* PROBLEM REQUIREMENTS
Without any of the pictures, set down the data below exactly.

* GIVEN MATERIAL
╔══
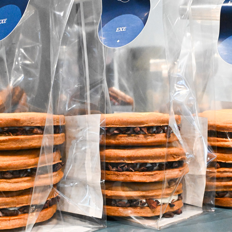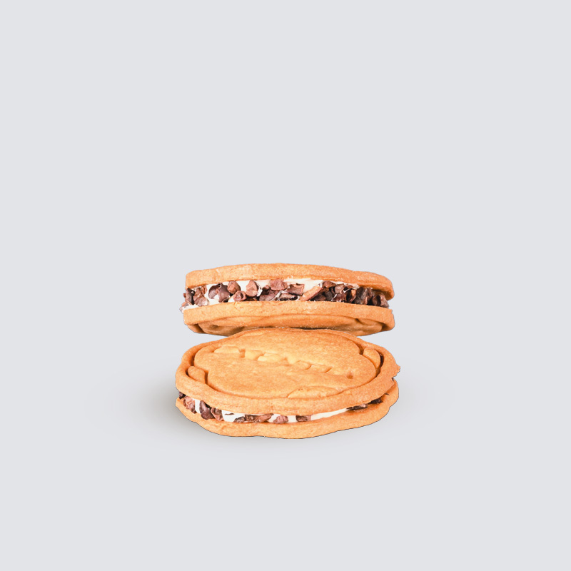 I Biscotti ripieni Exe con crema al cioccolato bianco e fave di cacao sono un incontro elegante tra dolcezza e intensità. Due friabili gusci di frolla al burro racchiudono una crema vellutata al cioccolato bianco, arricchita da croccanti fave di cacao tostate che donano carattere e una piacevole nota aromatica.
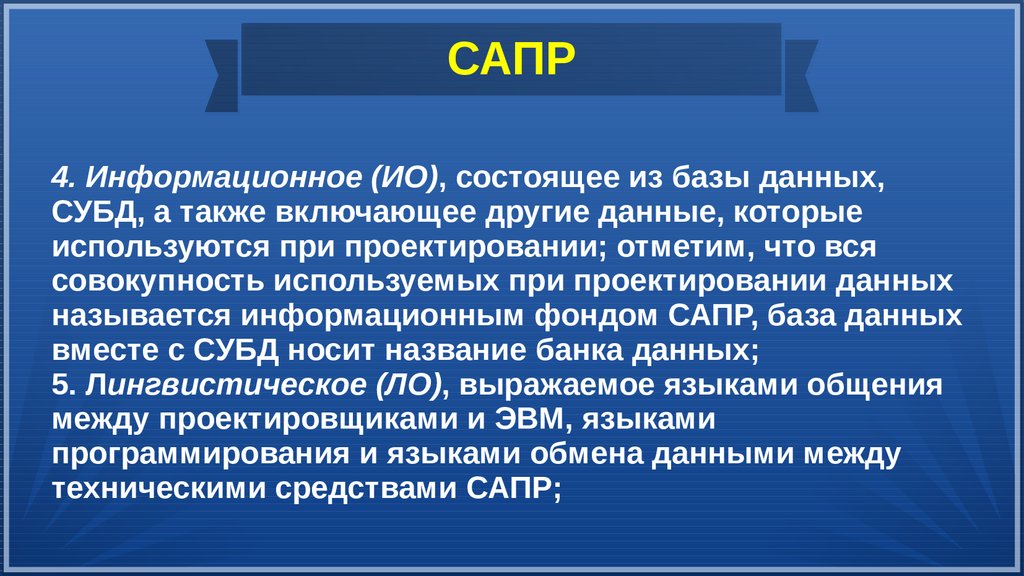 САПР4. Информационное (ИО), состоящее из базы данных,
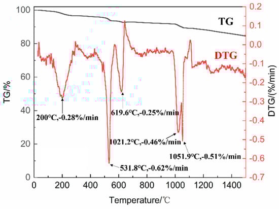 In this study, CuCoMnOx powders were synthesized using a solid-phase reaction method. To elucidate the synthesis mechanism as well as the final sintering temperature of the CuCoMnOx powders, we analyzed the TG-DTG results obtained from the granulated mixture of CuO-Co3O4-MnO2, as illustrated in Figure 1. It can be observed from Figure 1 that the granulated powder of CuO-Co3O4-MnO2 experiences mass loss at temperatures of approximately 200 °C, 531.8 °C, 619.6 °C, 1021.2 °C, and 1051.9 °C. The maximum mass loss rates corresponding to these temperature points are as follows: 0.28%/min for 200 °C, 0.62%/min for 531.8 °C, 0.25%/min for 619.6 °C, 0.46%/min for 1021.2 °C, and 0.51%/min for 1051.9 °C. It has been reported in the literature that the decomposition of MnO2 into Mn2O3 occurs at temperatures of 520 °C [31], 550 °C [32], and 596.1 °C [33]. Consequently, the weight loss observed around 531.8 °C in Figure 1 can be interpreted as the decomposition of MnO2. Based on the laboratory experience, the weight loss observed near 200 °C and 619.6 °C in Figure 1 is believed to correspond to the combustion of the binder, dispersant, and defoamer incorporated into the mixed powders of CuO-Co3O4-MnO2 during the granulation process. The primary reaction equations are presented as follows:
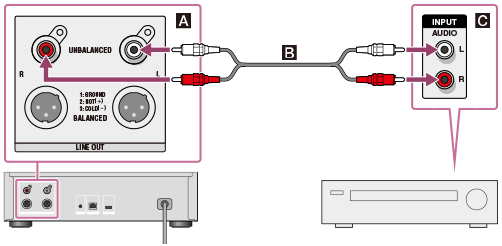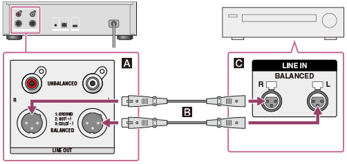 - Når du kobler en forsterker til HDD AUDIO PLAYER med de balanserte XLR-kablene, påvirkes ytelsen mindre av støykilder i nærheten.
╚══
* YOUR SOLUTION
 I Biscotti ripieni Exe con crema al cioccolato bianco e fave di cacao sono un incontro elegante tra dolcezza e intensità. Due friabili gusci di frolla al burro racchiudono una crema vellutata al cioccolato bianco, arricchita da croccanti fave di cacao tostate che donano carattere e una piacevole nota aromatica.
 САПР4. Информационное (ИО), состоящее из базы данных,
 In this study, CuCoMnOx powders were synthesized using a solid-phase reaction method. To elucidate the synthesis mechanism as well as the final sintering temperature of the CuCoMnOx powders, we analyzed the TG-DTG results obtained from the granulated mixture of CuO-Co3O4-MnO2, as illustrated in Figure 1. It can be observed from Figure 1 that the granulated powder of CuO-Co3O4-MnO2 experiences mass loss at temperatures of approximately 200 °C, 531.8 °C, 619.6 °C, 1021.2 °C, and 1051.9 °C. The maximum mass loss rates corresponding to these temperature points are as follows: 0.28%/min for 200 °C, 0.62%/min for 531.8 °C, 0.25%/min for 619.6 °C, 0.46%/min for 1021.2 °C, and 0.51%/min for 1051.9 °C. It has been reported in the literature that the decomposition of MnO2 into Mn2O3 occurs at temperatures of 520 °C [31], 550 °C [32], and 596.1 °C [33]. Consequently, the weight loss observed around 531.8 °C in Figure 1 can be interpreted as the decomposition of MnO2. Based on the laboratory experience, the weight loss observed near 200 °C and 619.6 °C in Figure 1 is believed to correspond to the combustion of the binder, dispersant, and defoamer incorporated into the mixed powders of CuO-Co3O4-MnO2 during the granulation process. The primary reaction equations are presented as follows:
 - Når du kobler en forsterker til HDD AUDIO PLAYER med de balanserte XLR-kablene, påvirkes ytelsen mindre av støykilder i nærheten.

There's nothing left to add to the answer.